The cluckfusters complied, and we went dashing through the dust. I got home at 1:30. In the time I was away from home today, I could have driven to the point we're meeting The Pony on...er...TODAY! I wrote this Friday, but you'll read it Saturday. Maybe.

PICS OR IT DIDN'T HAPPEN!


I didn't think to take a picture before. This is right before I made my left turn. They are closing up that gap to give us access to our road. You can't see the magnitude of the doublewide, which is balanced across that concreted low-water dip.

I was never so relieved to get home.
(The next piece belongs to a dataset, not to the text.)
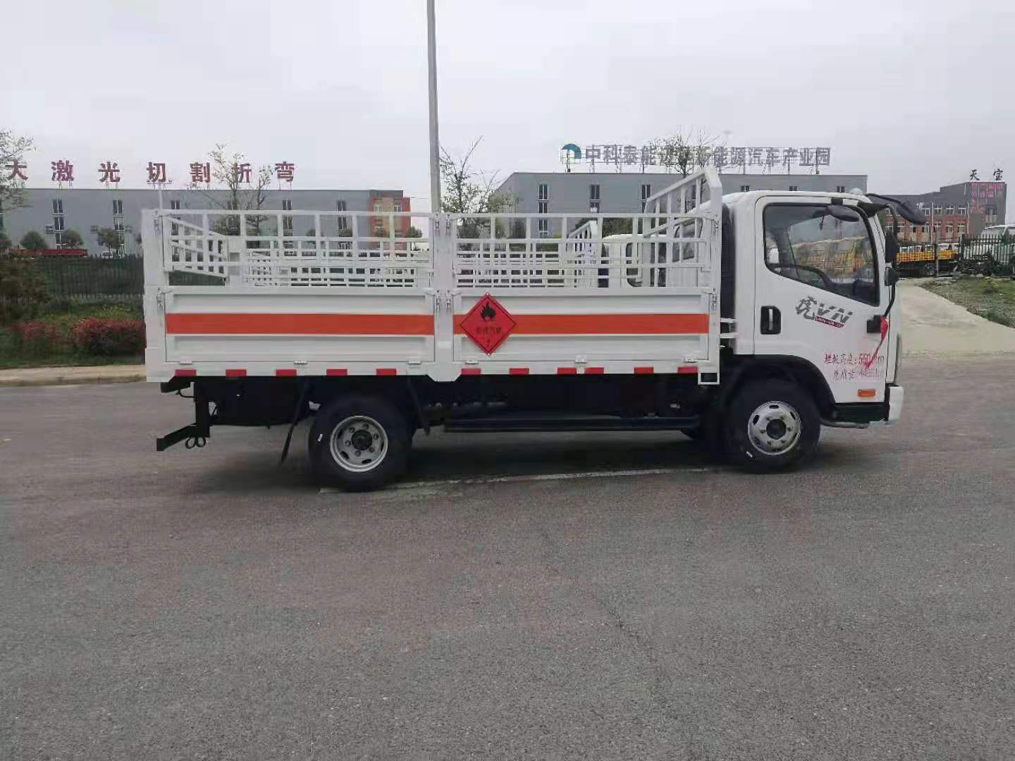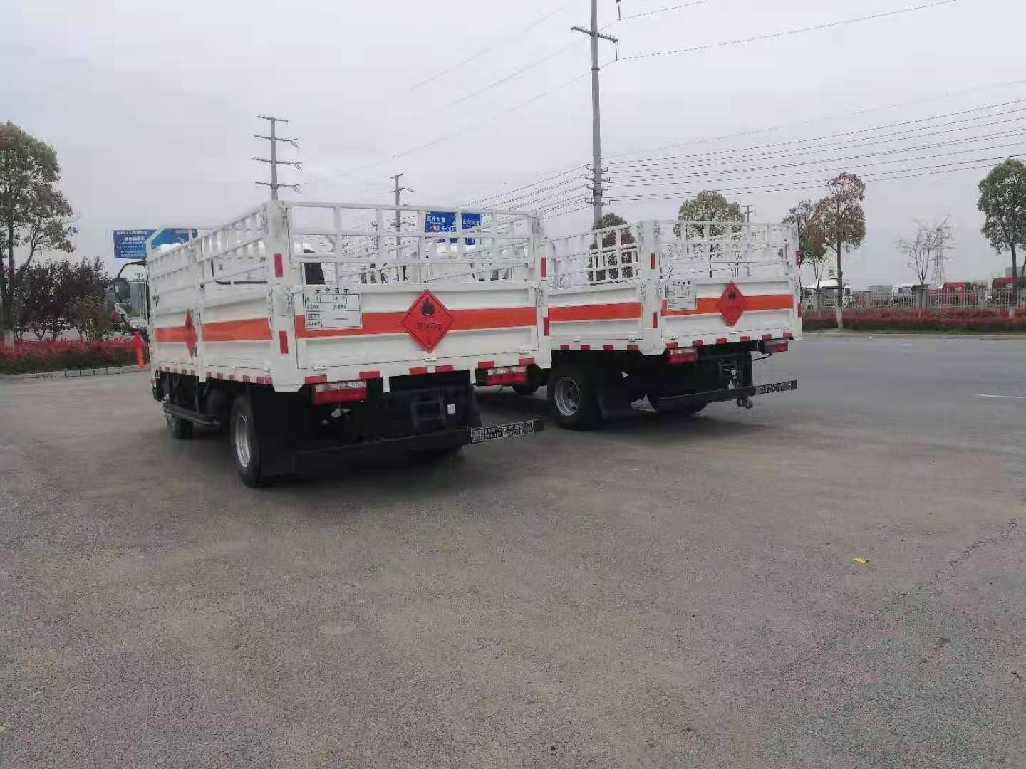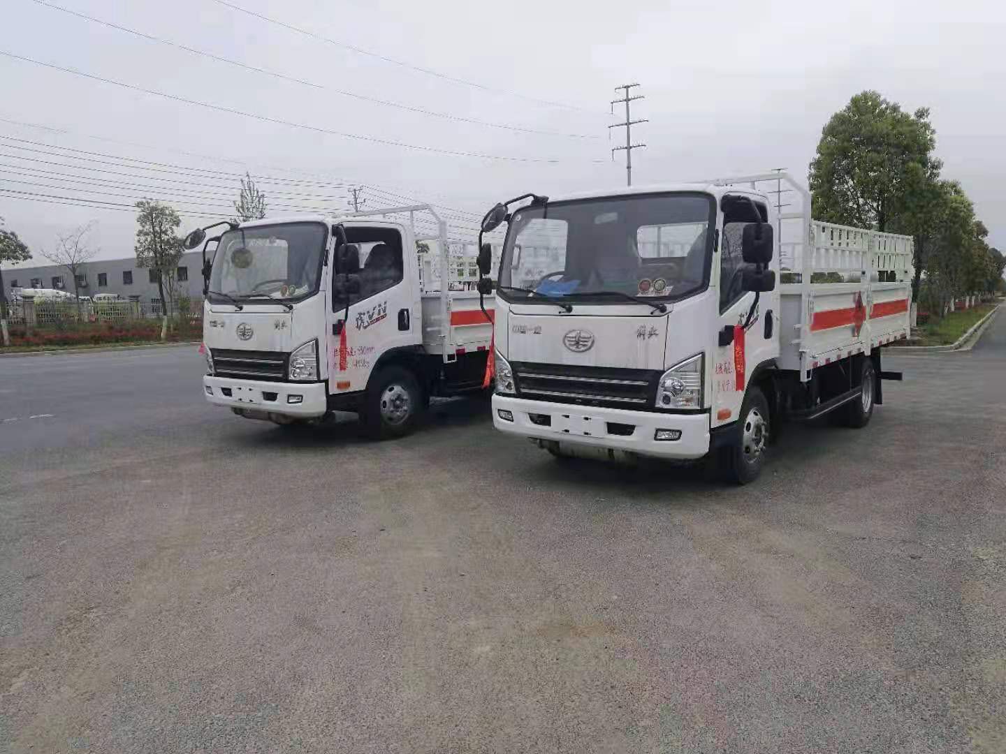 解放氣瓶車嚴格按照公告尺寸制作,貨箱可選低欄板式貨箱和可拆卸式花欄式貨箱,底板上鋪靜電膠皮,嚴格按照國家危險品法規進行“易燃氣體”標識粘貼,隨車配備手提滅火器,危險品三角頂燈,防火帽等。帶整車合格證、隨車工具、服務手冊、保修手冊。

People who take blood pressure medicine do not take kindly to being kept waiting when they've been holding it until they get home to their own bathroom.

4 comments:

Sioux Roslawski said...

I was stuck on Lindbergh for an hour and a half on Friday night. Stuck, as in not moving an inch. Cars in the ditch, cars that couldn't make it up icy hills, and yet when we could finally move, my clown car sailed along like a champ.

I hope you had a fun, safe trip today.

Anonymous said...

You did make it home!! Did you make it to the bathroom on time?

Hillbilly Mom said...

Sioux,
Farmer H made it home from a major town south of you JUST IN THE NICK OF TIME! He went to turn onto a lettered highway that brings him in the back way to Hillmomba, and saw a truck slide off the road. His own truck went sideways back into the fast lane, rather than the left turn lane where he was waiting to cross oncoming traffic.

Right after that, things went south quick. Our highway was closed between my bank town and bill-paying town. Farmer H talked to a guy who said it took him 4 hours to get from Fenton to Hillmomba.

Congrats on your clown car performance! I might let you drive me to the writer's conference this summer!

Hillbilly Mom said...

fishducky,
I did make it home yesterday. Easier than I did tonight. That's a story for elsewhere.

As for the bathroom...let's just say it was down to the wire. A photo finish. And nobody wants that photo!